[Extracted data entries]
####
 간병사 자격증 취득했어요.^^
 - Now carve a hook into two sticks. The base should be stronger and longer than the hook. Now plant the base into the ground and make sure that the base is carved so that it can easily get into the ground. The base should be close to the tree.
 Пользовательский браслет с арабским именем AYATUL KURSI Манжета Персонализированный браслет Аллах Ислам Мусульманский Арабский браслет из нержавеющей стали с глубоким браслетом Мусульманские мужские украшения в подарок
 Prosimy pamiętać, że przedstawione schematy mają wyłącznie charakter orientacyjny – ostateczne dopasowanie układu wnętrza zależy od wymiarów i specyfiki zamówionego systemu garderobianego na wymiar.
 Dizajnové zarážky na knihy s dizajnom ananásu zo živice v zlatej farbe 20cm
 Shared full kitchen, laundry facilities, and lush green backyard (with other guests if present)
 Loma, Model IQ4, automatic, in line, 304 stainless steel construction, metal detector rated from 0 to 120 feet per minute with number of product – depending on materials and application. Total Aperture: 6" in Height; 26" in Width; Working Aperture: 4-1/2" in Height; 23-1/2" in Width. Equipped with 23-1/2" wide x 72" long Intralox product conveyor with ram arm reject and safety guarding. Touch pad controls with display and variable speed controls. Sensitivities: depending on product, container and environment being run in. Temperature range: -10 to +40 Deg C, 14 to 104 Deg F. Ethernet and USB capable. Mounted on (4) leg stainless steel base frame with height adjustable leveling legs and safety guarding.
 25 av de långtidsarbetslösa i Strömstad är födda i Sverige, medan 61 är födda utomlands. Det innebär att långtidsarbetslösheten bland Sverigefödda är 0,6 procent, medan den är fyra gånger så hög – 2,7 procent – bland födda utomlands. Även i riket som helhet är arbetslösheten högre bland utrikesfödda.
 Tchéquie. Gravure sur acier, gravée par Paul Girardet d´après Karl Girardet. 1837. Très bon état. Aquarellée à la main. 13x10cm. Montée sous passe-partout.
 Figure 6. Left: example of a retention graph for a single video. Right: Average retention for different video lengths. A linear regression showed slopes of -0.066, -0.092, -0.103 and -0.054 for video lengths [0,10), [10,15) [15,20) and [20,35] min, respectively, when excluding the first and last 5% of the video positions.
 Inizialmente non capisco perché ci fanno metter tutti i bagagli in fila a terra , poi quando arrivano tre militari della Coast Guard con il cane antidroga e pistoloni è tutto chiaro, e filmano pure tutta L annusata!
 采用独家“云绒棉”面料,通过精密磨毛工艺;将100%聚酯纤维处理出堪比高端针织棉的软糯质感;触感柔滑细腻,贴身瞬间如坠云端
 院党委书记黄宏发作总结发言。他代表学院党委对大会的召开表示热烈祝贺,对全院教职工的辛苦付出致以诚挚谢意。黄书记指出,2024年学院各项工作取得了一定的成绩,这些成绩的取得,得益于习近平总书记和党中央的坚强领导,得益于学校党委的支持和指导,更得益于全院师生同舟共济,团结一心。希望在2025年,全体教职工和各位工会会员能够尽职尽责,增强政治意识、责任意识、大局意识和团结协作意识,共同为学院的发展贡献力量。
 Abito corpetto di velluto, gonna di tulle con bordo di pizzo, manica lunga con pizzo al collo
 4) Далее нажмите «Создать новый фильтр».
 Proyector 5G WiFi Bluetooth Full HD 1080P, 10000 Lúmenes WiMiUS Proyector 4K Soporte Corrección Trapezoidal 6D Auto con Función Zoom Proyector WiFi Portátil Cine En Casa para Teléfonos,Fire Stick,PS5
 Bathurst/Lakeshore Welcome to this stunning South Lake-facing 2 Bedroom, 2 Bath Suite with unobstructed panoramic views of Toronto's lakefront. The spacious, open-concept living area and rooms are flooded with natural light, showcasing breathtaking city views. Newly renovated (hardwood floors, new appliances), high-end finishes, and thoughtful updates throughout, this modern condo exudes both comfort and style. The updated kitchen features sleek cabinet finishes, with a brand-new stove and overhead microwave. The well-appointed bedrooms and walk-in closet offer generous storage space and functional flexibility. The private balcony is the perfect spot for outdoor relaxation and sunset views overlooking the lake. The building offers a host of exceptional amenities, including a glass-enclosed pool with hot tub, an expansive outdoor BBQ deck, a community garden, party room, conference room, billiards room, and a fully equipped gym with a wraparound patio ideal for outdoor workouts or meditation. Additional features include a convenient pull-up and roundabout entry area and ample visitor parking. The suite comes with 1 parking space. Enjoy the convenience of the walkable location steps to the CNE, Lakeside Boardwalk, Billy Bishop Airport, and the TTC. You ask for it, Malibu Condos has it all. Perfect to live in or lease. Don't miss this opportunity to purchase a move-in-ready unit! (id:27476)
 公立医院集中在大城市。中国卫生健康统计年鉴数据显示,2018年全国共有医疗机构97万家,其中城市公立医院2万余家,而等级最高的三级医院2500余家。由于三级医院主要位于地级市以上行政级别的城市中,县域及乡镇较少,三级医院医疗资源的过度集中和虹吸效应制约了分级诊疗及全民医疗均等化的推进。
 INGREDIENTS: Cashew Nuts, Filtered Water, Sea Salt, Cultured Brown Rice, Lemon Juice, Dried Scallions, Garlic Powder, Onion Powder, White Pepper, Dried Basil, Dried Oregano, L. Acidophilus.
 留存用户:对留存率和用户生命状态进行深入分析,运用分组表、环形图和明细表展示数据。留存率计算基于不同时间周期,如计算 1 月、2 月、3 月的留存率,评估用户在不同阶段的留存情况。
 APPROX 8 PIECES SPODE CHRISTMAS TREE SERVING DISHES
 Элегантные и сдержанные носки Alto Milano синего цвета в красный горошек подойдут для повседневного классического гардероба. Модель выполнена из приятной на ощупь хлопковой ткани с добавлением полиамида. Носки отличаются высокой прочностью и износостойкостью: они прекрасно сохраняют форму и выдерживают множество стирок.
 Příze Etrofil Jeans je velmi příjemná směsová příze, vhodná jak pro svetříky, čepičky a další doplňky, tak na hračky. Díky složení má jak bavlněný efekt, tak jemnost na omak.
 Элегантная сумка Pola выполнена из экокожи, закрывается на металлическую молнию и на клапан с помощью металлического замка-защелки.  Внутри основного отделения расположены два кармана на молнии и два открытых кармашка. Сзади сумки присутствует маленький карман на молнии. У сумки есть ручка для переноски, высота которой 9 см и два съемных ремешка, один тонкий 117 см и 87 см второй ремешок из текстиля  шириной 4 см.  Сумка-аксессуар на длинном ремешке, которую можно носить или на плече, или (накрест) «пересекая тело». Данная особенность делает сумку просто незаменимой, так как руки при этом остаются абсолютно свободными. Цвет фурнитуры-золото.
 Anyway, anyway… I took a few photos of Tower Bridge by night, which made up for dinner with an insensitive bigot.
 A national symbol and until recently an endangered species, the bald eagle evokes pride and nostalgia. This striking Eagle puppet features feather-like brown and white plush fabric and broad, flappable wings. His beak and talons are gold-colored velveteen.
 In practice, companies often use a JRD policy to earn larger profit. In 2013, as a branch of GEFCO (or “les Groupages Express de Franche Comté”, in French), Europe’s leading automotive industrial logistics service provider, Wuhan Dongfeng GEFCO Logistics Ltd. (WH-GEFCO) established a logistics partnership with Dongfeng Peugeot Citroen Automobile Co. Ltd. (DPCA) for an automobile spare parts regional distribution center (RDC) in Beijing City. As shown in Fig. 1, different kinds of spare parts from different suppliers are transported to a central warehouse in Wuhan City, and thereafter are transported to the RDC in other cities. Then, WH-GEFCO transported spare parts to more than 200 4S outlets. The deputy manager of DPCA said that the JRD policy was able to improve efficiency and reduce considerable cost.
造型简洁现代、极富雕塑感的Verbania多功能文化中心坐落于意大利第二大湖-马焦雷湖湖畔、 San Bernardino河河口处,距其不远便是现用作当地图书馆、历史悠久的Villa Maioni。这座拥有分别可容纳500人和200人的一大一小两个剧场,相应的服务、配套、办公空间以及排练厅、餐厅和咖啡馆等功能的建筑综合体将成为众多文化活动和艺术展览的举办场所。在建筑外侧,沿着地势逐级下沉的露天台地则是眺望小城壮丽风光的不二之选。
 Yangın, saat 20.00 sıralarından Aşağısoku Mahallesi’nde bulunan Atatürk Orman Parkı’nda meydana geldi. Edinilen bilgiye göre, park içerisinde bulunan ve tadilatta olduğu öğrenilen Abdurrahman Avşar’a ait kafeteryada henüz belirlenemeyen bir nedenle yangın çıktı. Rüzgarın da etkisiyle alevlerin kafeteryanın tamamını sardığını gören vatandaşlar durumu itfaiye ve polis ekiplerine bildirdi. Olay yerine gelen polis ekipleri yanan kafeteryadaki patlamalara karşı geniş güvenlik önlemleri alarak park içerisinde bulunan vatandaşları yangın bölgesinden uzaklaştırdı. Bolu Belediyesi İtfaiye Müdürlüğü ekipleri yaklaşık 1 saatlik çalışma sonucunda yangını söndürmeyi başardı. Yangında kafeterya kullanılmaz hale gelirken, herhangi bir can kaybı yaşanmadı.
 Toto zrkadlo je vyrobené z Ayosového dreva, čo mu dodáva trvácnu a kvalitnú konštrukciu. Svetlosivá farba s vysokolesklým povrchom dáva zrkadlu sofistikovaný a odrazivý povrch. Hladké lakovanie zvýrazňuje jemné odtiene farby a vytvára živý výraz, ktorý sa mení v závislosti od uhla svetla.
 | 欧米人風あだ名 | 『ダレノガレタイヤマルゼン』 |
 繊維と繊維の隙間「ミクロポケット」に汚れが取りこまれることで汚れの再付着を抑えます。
####
Which of the lines above include the string "from"? Pick them out and copy them.

 Loma, Model IQ4, automatic, in line, 304 stainless steel construction, metal detector rated from 0 to 120 feet per minute with number of product – depending on materials and application. Total Aperture: 6" in Height; 26" in Width; Working Aperture: 4-1/2" in Height; 23-1/2" in Width. Equipped with 23-1/2" wide x 72" long Intralox product conveyor with ram arm reject and safety guarding. Touch pad controls with display and variable speed controls. Sensitivities: depending on product, container and environment being run in. Temperature range: -10 to +40 Deg C, 14 to 104 Deg F. Ethernet and USB capable. Mounted on (4) leg stainless steel base frame with height adjustable leveling legs and safety guarding.
 In practice, companies often use a JRD policy to earn larger profit. In 2013, as a branch of GEFCO (or “les Groupages Express de Franche Comté”, in French), Europe’s leading automotive industrial logistics service provider, Wuhan Dongfeng GEFCO Logistics Ltd. (WH-GEFCO) established a logistics partnership with Dongfeng Peugeot Citroen Automobile Co. Ltd. (DPCA) for an automobile spare parts regional distribution center (RDC) in Beijing City. As shown in Fig. 1, different kinds of spare parts from different suppliers are transported to a central warehouse in Wuhan City, and thereafter are transported to the RDC in other cities. Then, WH-GEFCO transported spare parts to more than 200 4S outlets. The deputy manager of DPCA said that the JRD policy was able to improve efficiency and reduce considerable cost.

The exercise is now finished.